Mapleton welcomes Syrian family

Drayton Heights Public School welcomed its first Syrian refugee students last week.

On Jan. 18, six children from the Al Jasem family began classes at the school in kindergarten and Grades 2, 3, 6, 7 and 8.

“It really is an absolute highlight,” said Drayton Heights principal Jeff Crawford.

“For the first week you’d see them gaining in their confidence and pretty seamlessly, the students in the school already were great at welcoming them. The staff were fabulous at planning; as you go around the school some of the staff had set up signs that show the English and the Arabic.”

Congregations in the Mapleton area that are part of the Markham Waterloo Mennonite Conference sponsored the Al Jasem family of 11 to come to Canada through a United Nations program.

“They look at the sponsorship group and … you can request family size and we said we’re okay with doing a large family because we’ve got a big group and large families they have a harder time finding sponsors for, because of the added responsibility and accommodations and so on,” explained Matt Frey, a member of the sponsorship group and liaison with Drayton Heights.

The Al Jasem family arrived in Canada on Dec. 30 from a refugee camp in Lebanon, where they lived for more than three years after fleeing Syria, Frey explained.  

The sponsorship group provided the family with a house in Drayton, helped father Khalil Al Jasem enroll in English as a second language classes in Waterloo, and arranged for transportation to and from the course.

Frey also took the seven eldest Al Jasem children to Drayton Heights the week before six of them officially began classes.

“They literally bounced from the van into the school and their eyes were huge and they were all excited,” Crawford said. “It was … a highlight from a professional standpoint just watching their excitement about coming to school.

“It was like Tigger, from Winnie the Pooh, the way they kind of bounced in and they were like that for the whole time, they just were going from room to room.”

Frey said the students had gone to a UNICEF school in Lebanon, however, “it was not as they would have known school before; limited what they would have had for resources and stuff like that.”

In preparation for the youngsters’ arrival Drayton Heights acquired six Google Nexus 7 tablets from the Upper Grand District School Board that allows English-speaking staff and students to speak or write into Google Translate, convert their words to Arabic and communicate with the Al Jasem family.

“As we went around the school I could actually say to them, ‘okay this is the library … this is the teacher/librarian here’ and again their eyes were huge with the fact,” Crawford said.

“By the time they managed to get around the whole school they had a sense of the school, they could understand where we were going and what the school is like and what the population was.”

Though he said it’s more difficult to translate Arabic into English, likely because of the unique language dialect, the Syrian youngsters are able to navigate the Google Translate application and can communicate with English speakers.

Teachers and students at Drayton Heights each stepped up to make the new members of the school community feel comfortable, putting up a welcome sign in both English and Arabic as well as bilingual signs on the Syrian students’ classroom doors and lockers.

“It’s almost like every staff member took on a different role to try and they support them in their own way,” Crawford said.

“It’s been an eye-opener for somebody coming with really no background in the language or the culture and for them to just kind of come into the school, it’s been really heartwarming I’d say.”

Frey said while the students are in school, women from the sponsorship group visit daily with Nejwa Al Jasem, the children’s mother.
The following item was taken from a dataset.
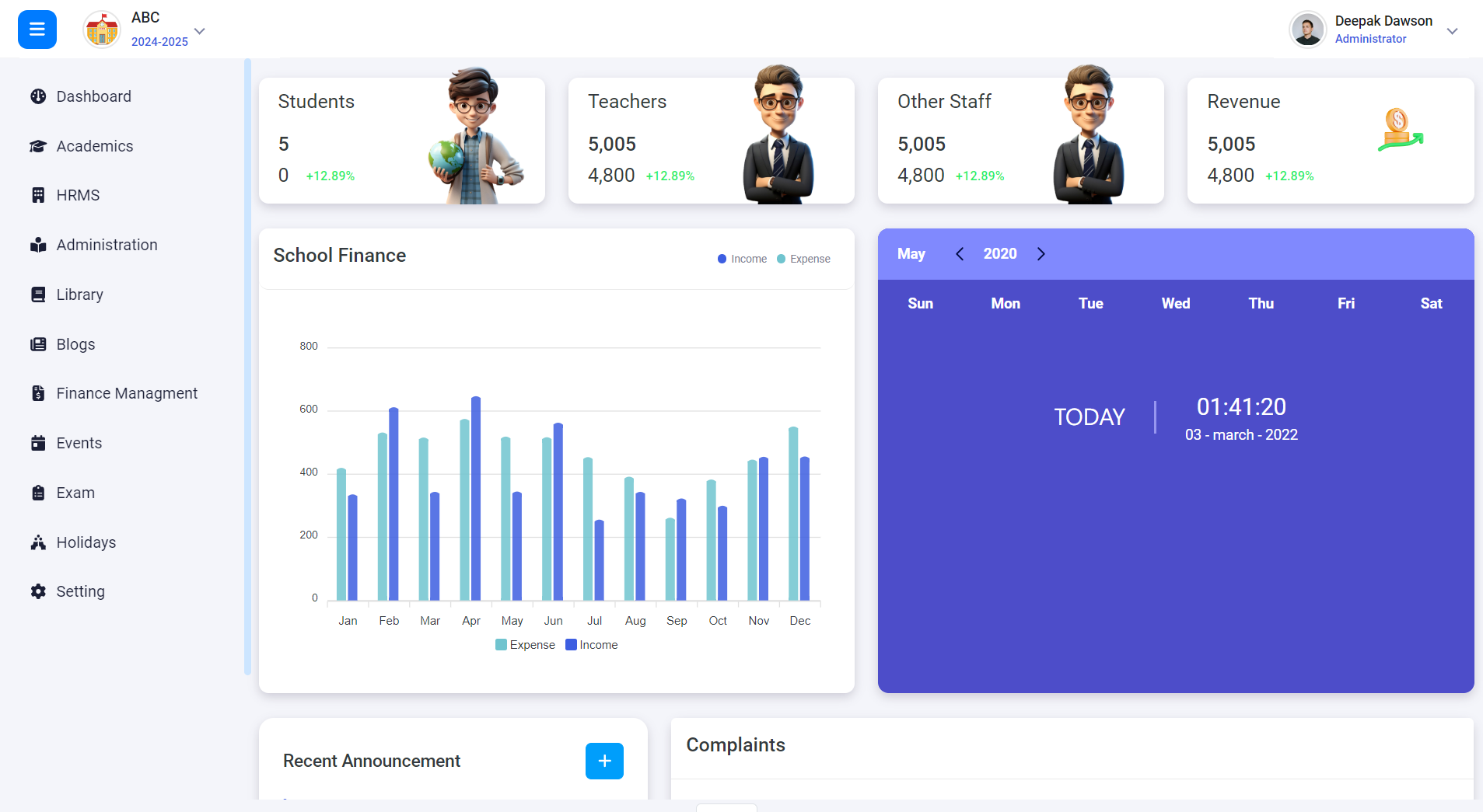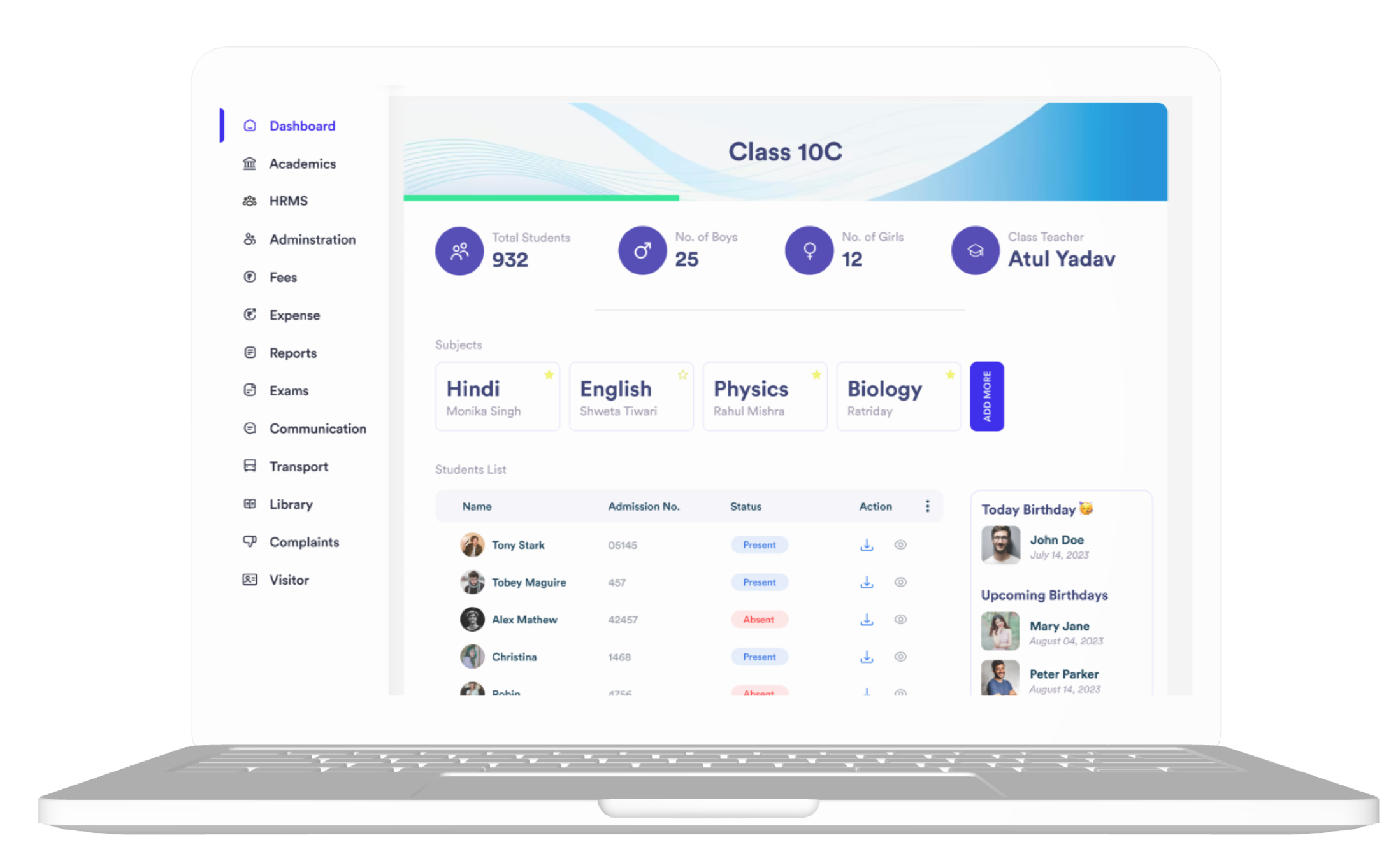 The admin panel centralizes school operations, offering tools for student enrollment, teacher assignments, and financial management. It enables secure access control and real-time reporting, streamlining administrative tasks and enhancing decision-making.

She stays home with the three youngest children not yet old enough for school.

“She’ll have the biggest adjustment because she stayed at home alone with nobody who can speak her language around her,” Frey said adding the language barrier is one of the biggest challenges.

“Knowing that there’s times where you feel like there’s something they might want to share or … I think for the ladies to bridge the gap with Nejwa just to give that emotional support is really difficult to do … with the language barrier.”

Though Khalil does not like the snow, Frey said the kids are enjoying it. “They’ve seen it and they’ve experienced colder temperatures but never like a blanket of snow over the whole countryside,” he said. Last weekend the youngsters went tobogganing.

Crawford said the addition of the six Syrian students to the school community is also eye-opening for local students.

“The student council here has done a great job of doing empowerment days, like a kind of mini We Day,” Crawford said.

“I think it has maybe taken it from being aware and helping people abroad or further away to now those people are here … I think it has brought down the fact that all the work and all the effort that they’re doing really helps, so I think it’s made it pretty real for them.”